Further, to understand moisture sources for precipitation over the study region throughout the year, we performed monthly back trajectory analysis of air parcels reaching the sites using the NOAA HYSPLIT model together with a reanalysis model output from the Global Data Assimilation System (GDAS) dataset [49]. Four days back trajectory analysis was performed for all months of the year 2015. All trajectories were initialized at 1500 m above the surface because most of the water vapor in the atmosphere travel within 0–2 km above ground level [49]. Subsequently, trajectories obtained for each day for the respective months were clustered using Trajstat to obtain the mean monthly trajectories [50]. Similarly, four days back-trajectory analysis to capture major precipitation events was plotted using the Global Data Assimilation System (GDAS) dataset at different altitudes (100, 1500 and 2000 m AGL) and also using HYSPLIT online simulation developed by Air Resources Laboratory, NOAA [51,52].

4. Results and Discussion

4.1. Hydro-Meteorological Characteristics of the Sutri Dhaka Stream

Meteorological parameters play a significant role in controlling the glacier melt dynamics [3]. Temporal variations in air temperature, relative humidity, precipitation and discharge of the Sutri Dhaka Glacier are shown in Figure 3 and data provided in supplementary excel sheet. The discharge of the Sutri Dhaka stream during the study period varied between 0.2 m³ s⁻¹ to 20 m³ s⁻¹ with a mean of 8.9 m³ s⁻¹ (Figure 3a). The discharge during the study period increased from early July with rising temperatures and reached its peak by the end of July. The daily mean temperature during the study period ranged from −15.3 to 16.1 °C with a mean of 9.1 °C (Figure 3b). Similarly, daily mean RH varied from 34.8% to 99.9% with a mean of 59.8% (Figure 3c). The highest daily mean discharge (20 m³ s⁻¹) and temperature (16.2 °C) were observed on 15 July 2015. A gradual declining trend in temperature and discharge were observed in the months of August, September and October. A significant correlation (R² = 0.83, n = 63; p < 0.05) was observed between the daily mean discharge and temperature (Figure 3), suggesting a dominant control of temperature on discharge. This relationship implies a ~9% increase in daily mean discharge per degree rise in daily mean air temperature.
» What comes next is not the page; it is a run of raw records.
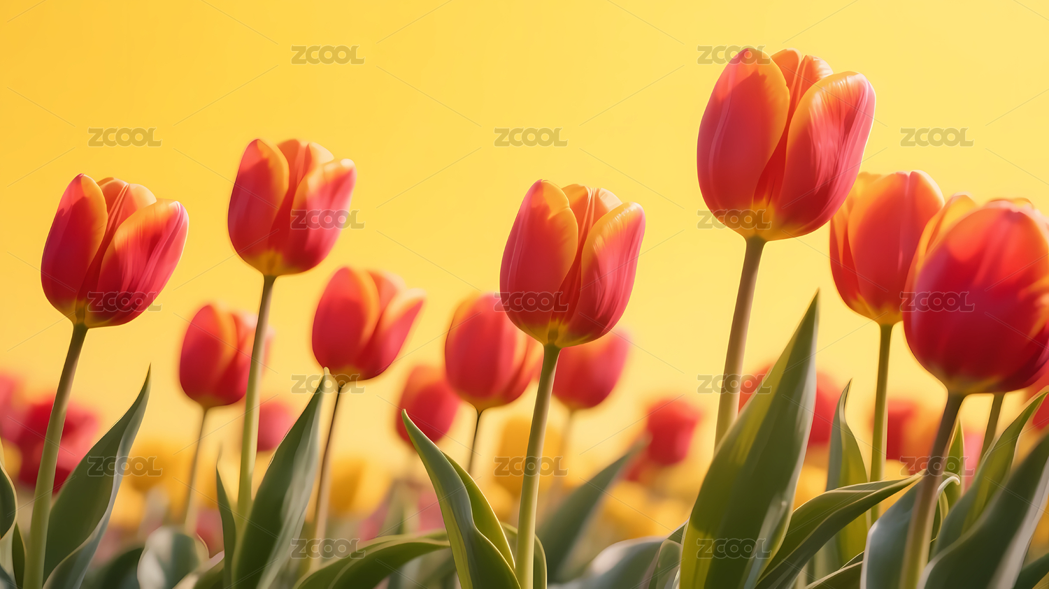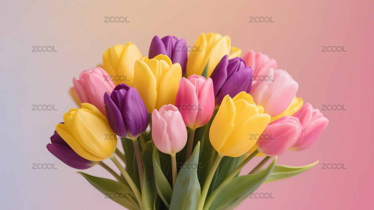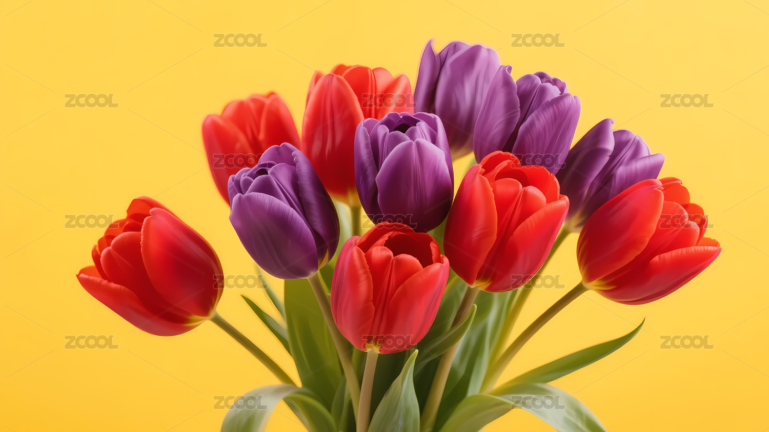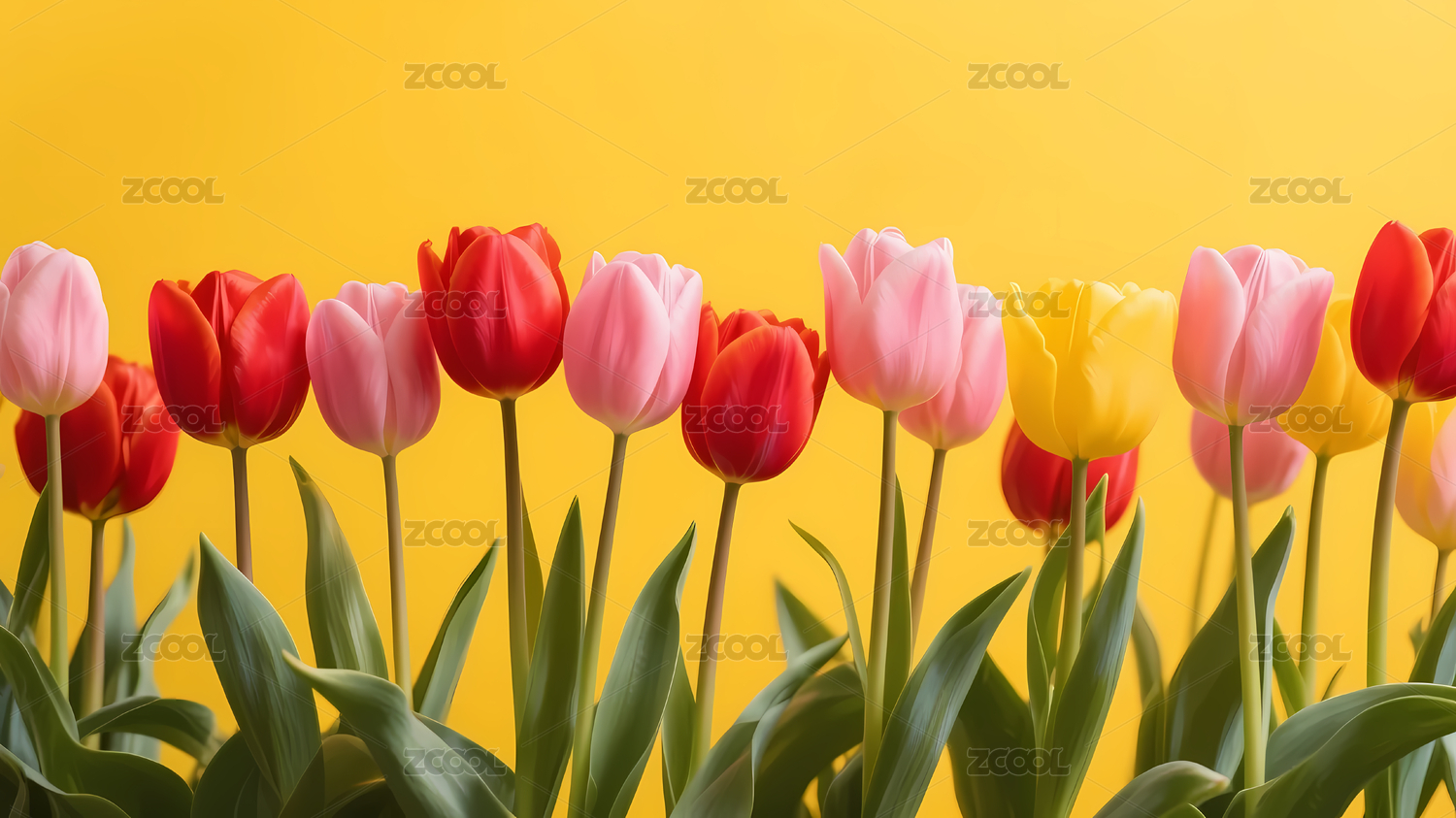 植物,自然,粉色,红色,郁金香,黄色,鲜艳,花朵,活力,春天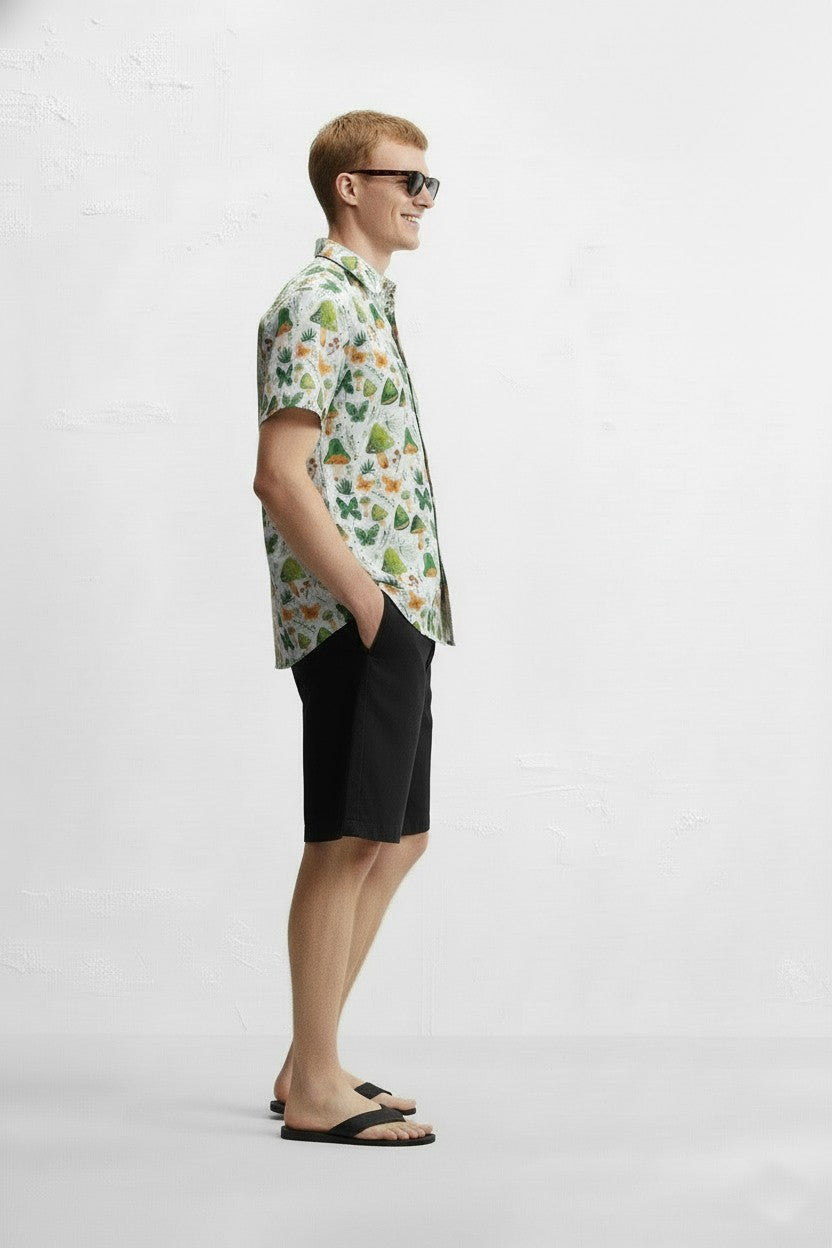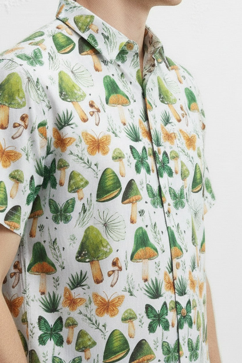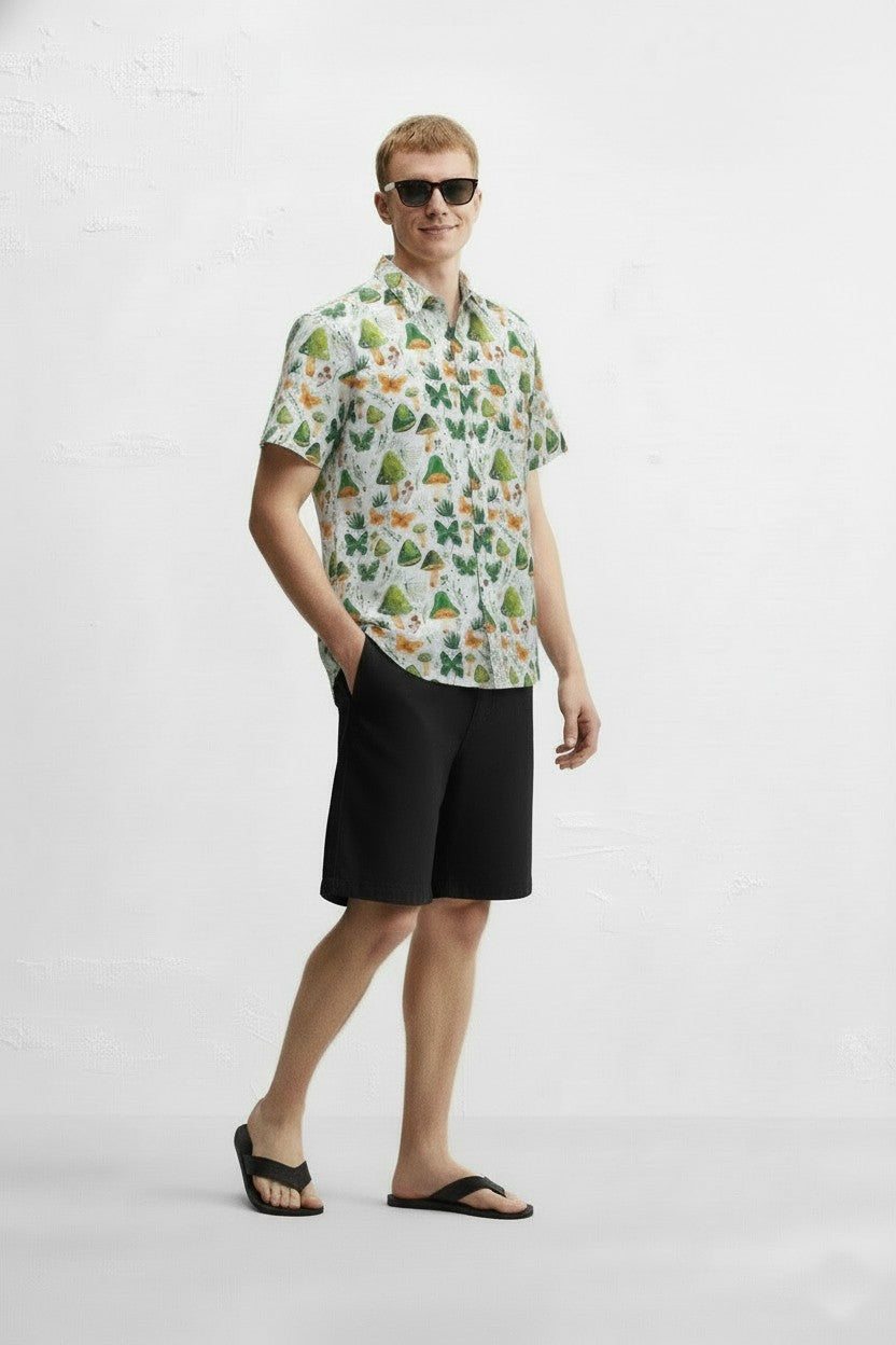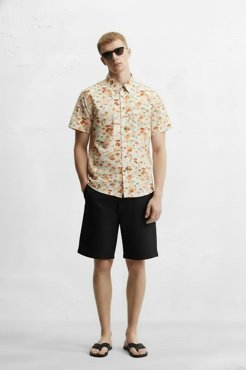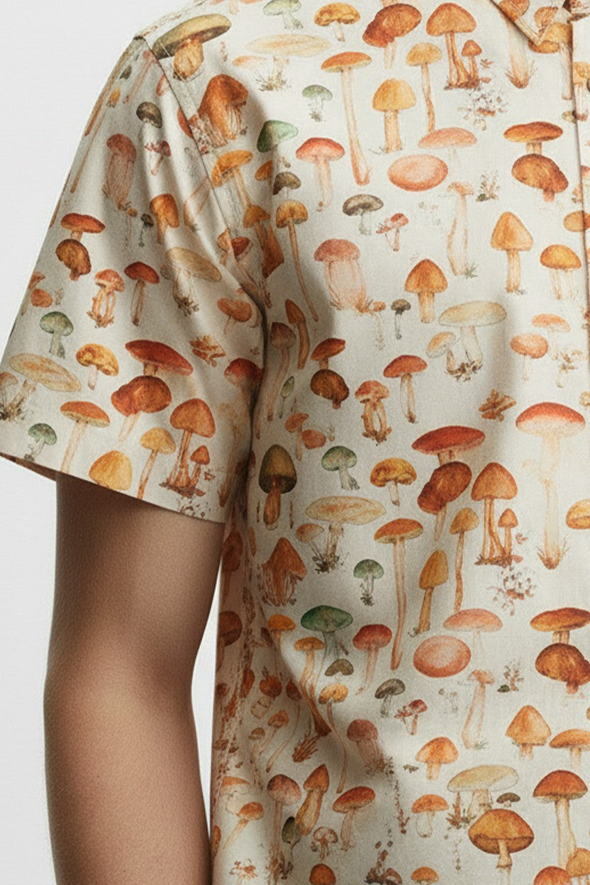 MUSHROOM PRINT CAMP COLLAR SHORT SLEEVE SHIRT
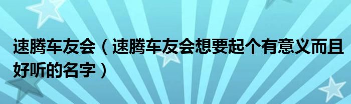 大家好,小常来为大家解答以下问题,对于速腾车友会,速腾车友会想要起个有意义而且好听的名字很多人还不知道,今天让我们一起来看看吧!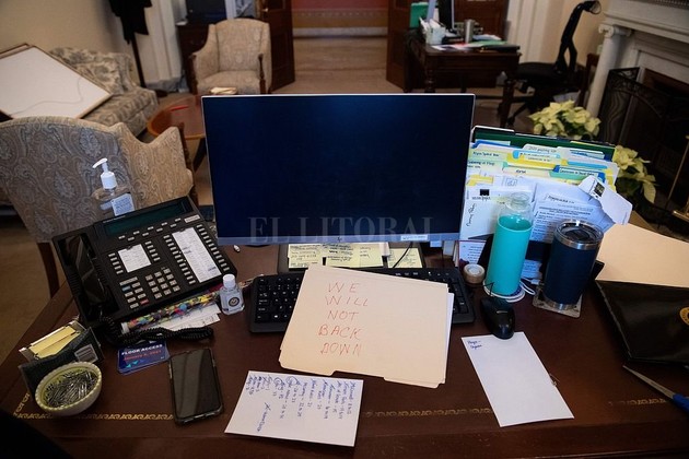 Una de la postales de la inédita jornada en la que seguidores del presidente saliente de Estados Unidos, Donald Trump, coparon el Capitolio será la de un manifestante cómodamente sentado en el despacho de la presidenta demócrata de la Cámara de Representantes, Nancy Pelosi, donde dejaron un mensaje: "No retrocederemos".
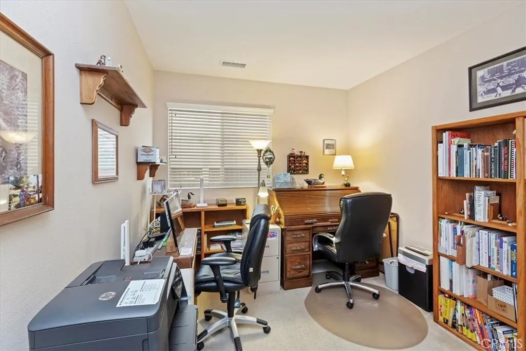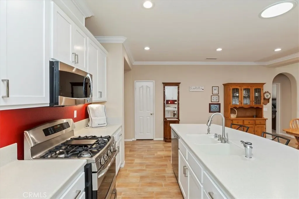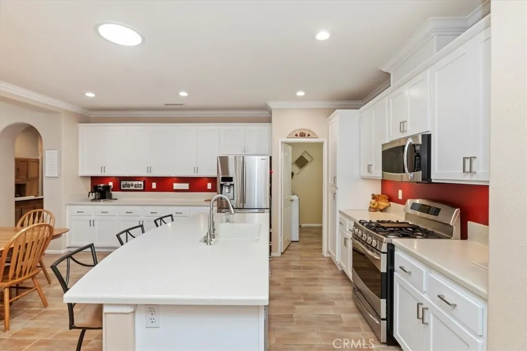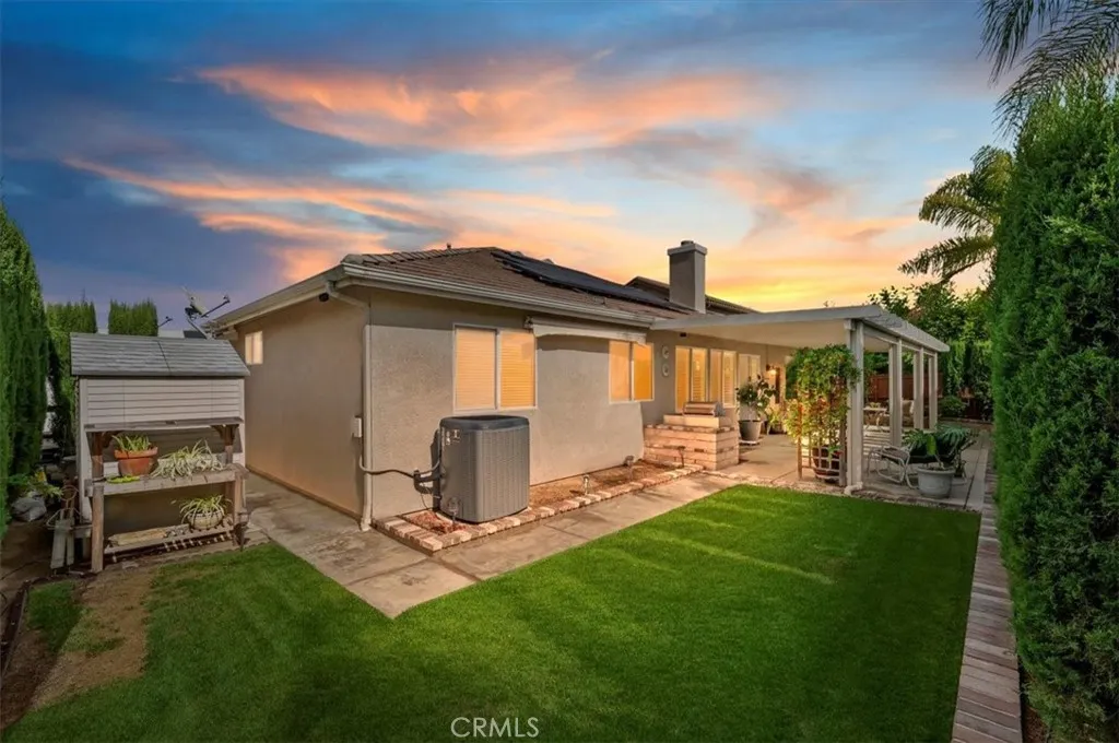 Welcome to this beautifully maintained single-story home in the highly desirable Vintage Reserve community. With exceptional curb appeal and an inviting entry, this 2,591 sq ft residence boasts 5 bedrooms, a 3-car garage, and a thoughtfully designed open floor plan that will immediately make you feel at home. The property also features a large side yard with space to accommodate a small trailer, additional vehicles, or room to enjoy your hobbiesan opportunity that is rare to find. At the heart of the home is the renovated kitchen, featuring crisp white cabinetry with pull-out shelves and soft-close drawers, stainless steel appliances including a 5-burner stove, and a spacious island ideal for meal prep, casual dining, or entertaining. The stainless steel refrigerator is included, making this kitchen truly move-in ready. Plantation shutters, ceiling fans & crown molding add elegance and comfort, while the expansive family room flows seamlessly from the kitchen, creating a warm and inviting space for everyday living. The spacious primary suite is a private retreat with a large walk-in closet and a well-appointed bathroom, while four additional bedrooms offer versatility for family, guests, or a home office. Modern updates include a replaced AC unit and furnace, an advanced built-in HEPA filter system, and 18-panel owned solar for energy savings (no lease). The built-in washer and dryer also remain with the home, adding everyday convenience. Step outside and enjoy a backyard designed for relaxation and entertainment. Extensive hardscape and two Alumawood patio coversone at the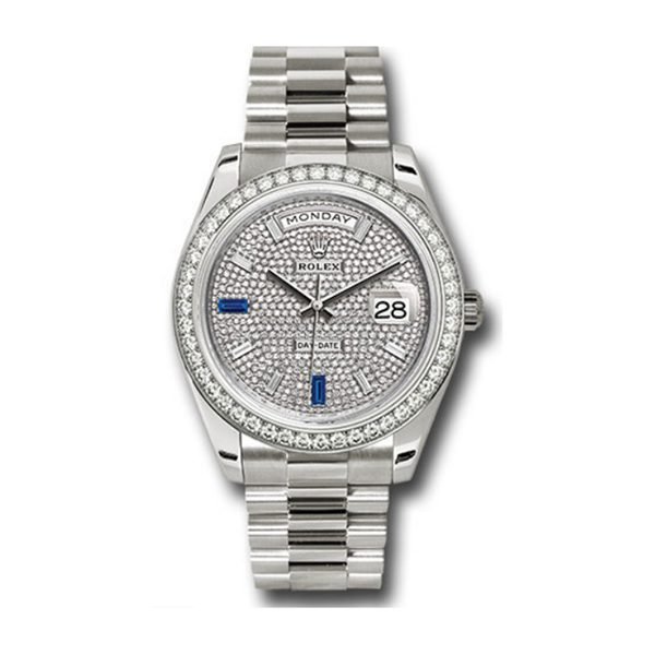 Horological masterpiece SPECIFICATIONS Brand: Rolex Ref. 228349RBR Collection: Oyster Perpetual Case Material: 18K White Gold Movement: Automatic Case shape: Round Bracelet: 18K White Gold bracelet strap Crystal: Scratch resistant sapphire Bezel: Diamonds Dial: Diamonds Diameter: 40mm… Available – your luxury watch destination.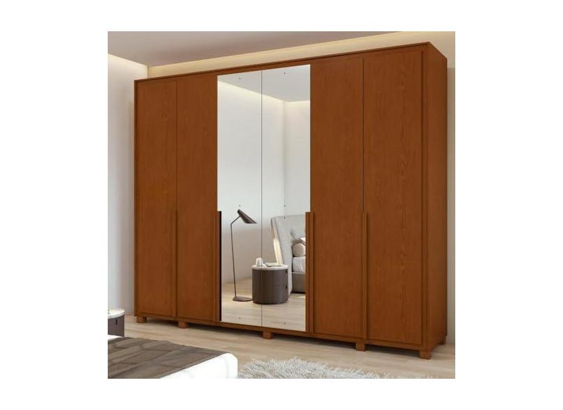 Guarda-roupa 6 Portas 6 Gavetas 100% Mdf Imperatore com Espelho e com Pés Frassino

This finding confirms that as the temperature in the Himalayan region increases, it would lead to an initial rise in discharge due to an increase in glacier melt, followed by a drop in runoff and reduction in the glacierized area [53]. A total of ~110 mm of precipitation was recorded during the study period, of which two major precipitation events occurred on 12 July (20 mm) and on 23 September (52 mm) in the form of snow which account for ~66% of total precipitation during the study period (Figure 3d).

4.2. Stable Isotope Characteristics and Its Relationship with Discharge

Details of samples and their isotopic characteristics are mentioned in

Table 2. δ¹⁸O, δ²H and d-excess values of rain, fresh snow, snowpack, glacier ice and meltwater of the Sutri Dhaka Glacier catchment.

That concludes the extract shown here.